DATASET RECORDS START

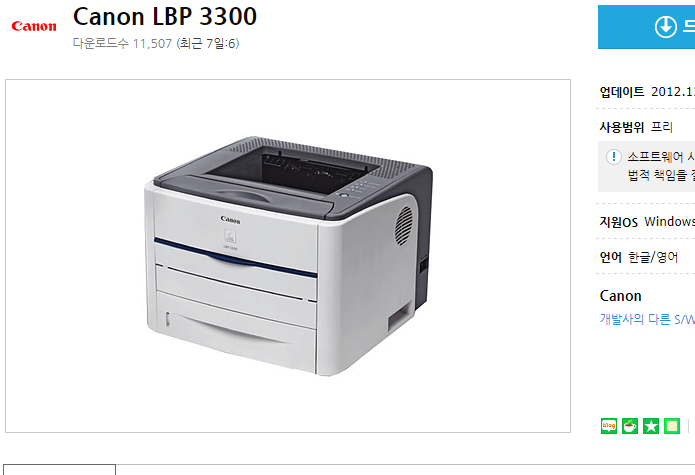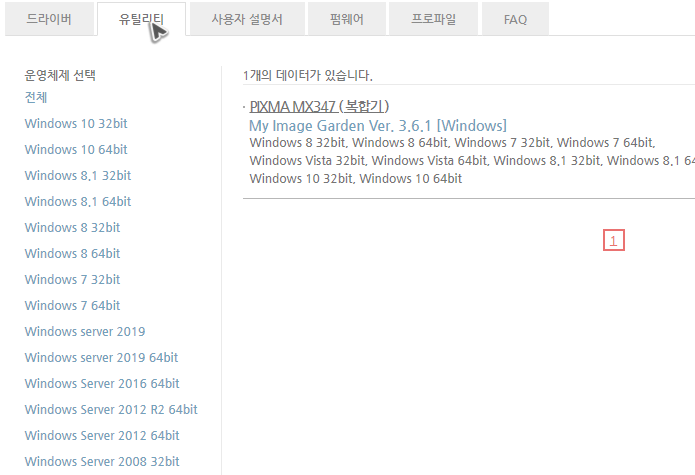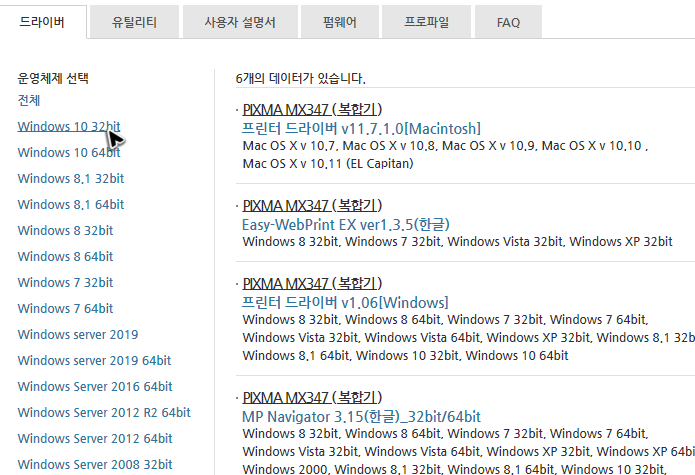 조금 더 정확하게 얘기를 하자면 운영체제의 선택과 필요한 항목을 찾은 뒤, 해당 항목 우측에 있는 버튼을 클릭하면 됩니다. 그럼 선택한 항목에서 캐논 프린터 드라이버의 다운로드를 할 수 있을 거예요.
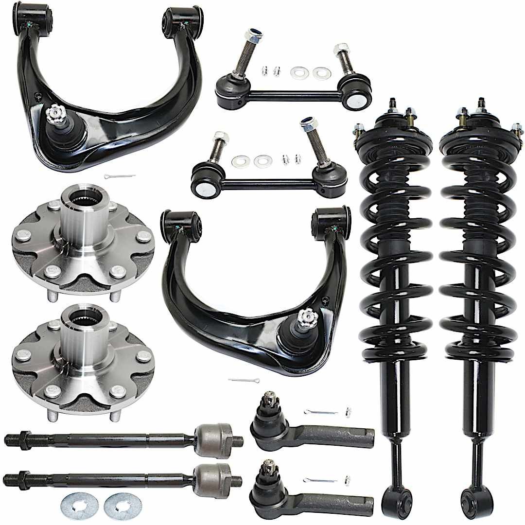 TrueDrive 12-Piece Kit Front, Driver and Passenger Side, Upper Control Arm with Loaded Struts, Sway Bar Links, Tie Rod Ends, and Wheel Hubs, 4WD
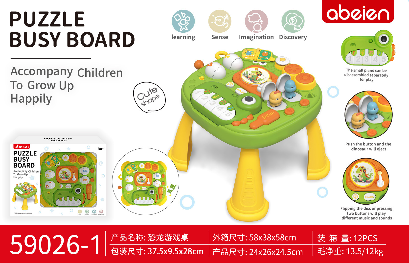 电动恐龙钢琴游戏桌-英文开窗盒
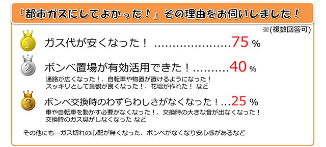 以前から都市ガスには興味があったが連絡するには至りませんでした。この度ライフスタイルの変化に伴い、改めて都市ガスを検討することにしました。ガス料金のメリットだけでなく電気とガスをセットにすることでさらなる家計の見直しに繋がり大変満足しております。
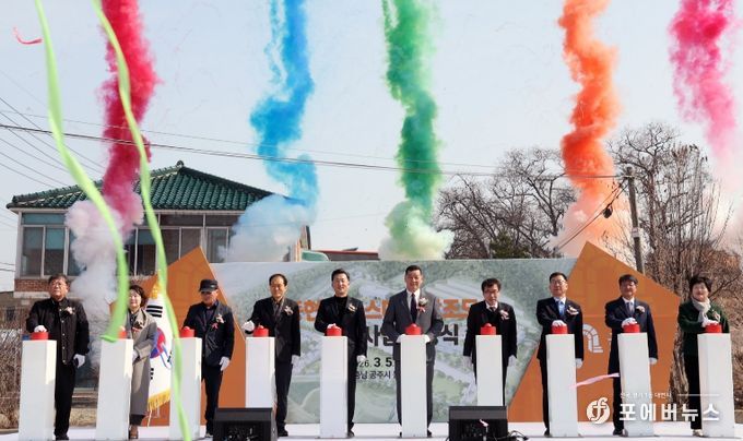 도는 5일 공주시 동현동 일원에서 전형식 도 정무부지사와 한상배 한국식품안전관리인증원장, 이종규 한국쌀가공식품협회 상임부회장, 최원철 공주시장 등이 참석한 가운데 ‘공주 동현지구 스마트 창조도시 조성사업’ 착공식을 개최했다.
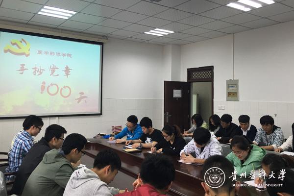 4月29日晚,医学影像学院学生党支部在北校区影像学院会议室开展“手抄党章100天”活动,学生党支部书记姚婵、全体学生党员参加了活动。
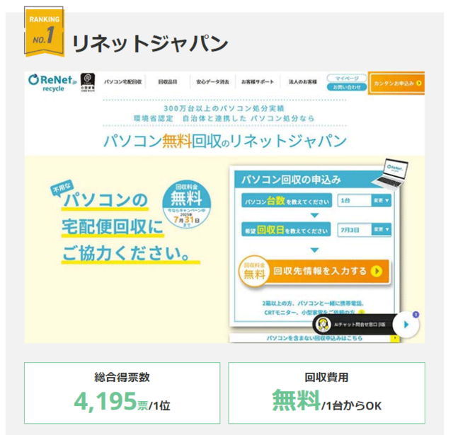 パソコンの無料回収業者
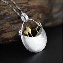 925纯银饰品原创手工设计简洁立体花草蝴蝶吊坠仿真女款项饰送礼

DATASET RECORDS END

**PROBLEM REQUIREMENTS:**
Reprint every record exactly and skip the pictures.

**RESULT:**
 조금 더 정확하게 얘기를 하자면 운영체제의 선택과 필요한 항목을 찾은 뒤, 해당 항목 우측에 있는 버튼을 클릭하면 됩니다. 그럼 선택한 항목에서 캐논 프린터 드라이버의 다운로드를 할 수 있을 거예요.
 TrueDrive 12-Piece Kit Front, Driver and Passenger Side, Upper Control Arm with Loaded Struts, Sway Bar Links, Tie Rod Ends, and Wheel Hubs, 4WD
 电动恐龙钢琴游戏桌-英文开窗盒
 以前から都市ガスには興味があったが連絡するには至りませんでした。この度ライフスタイルの変化に伴い、改めて都市ガスを検討することにしました。ガス料金のメリットだけでなく電気とガスをセットにすることでさらなる家計の見直しに繋がり大変満足しております。
 도는 5일 공주시 동현동 일원에서 전형식 도 정무부지사와 한상배 한국식품안전관리인증원장, 이종규 한국쌀가공식품협회 상임부회장, 최원철 공주시장 등이 참석한 가운데 ‘공주 동현지구 스마트 창조도시 조성사업’ 착공식을 개최했다.
 4月29日晚,医学影像学院学生党支部在北校区影像学院会议室开展“手抄党章100天”活动,学生党支部书记姚婵、全体学生党员参加了活动。
 パソコンの無料回収業者
 925纯银饰品原创手工设计简洁立体花草蝴蝶吊坠仿真女款项饰送礼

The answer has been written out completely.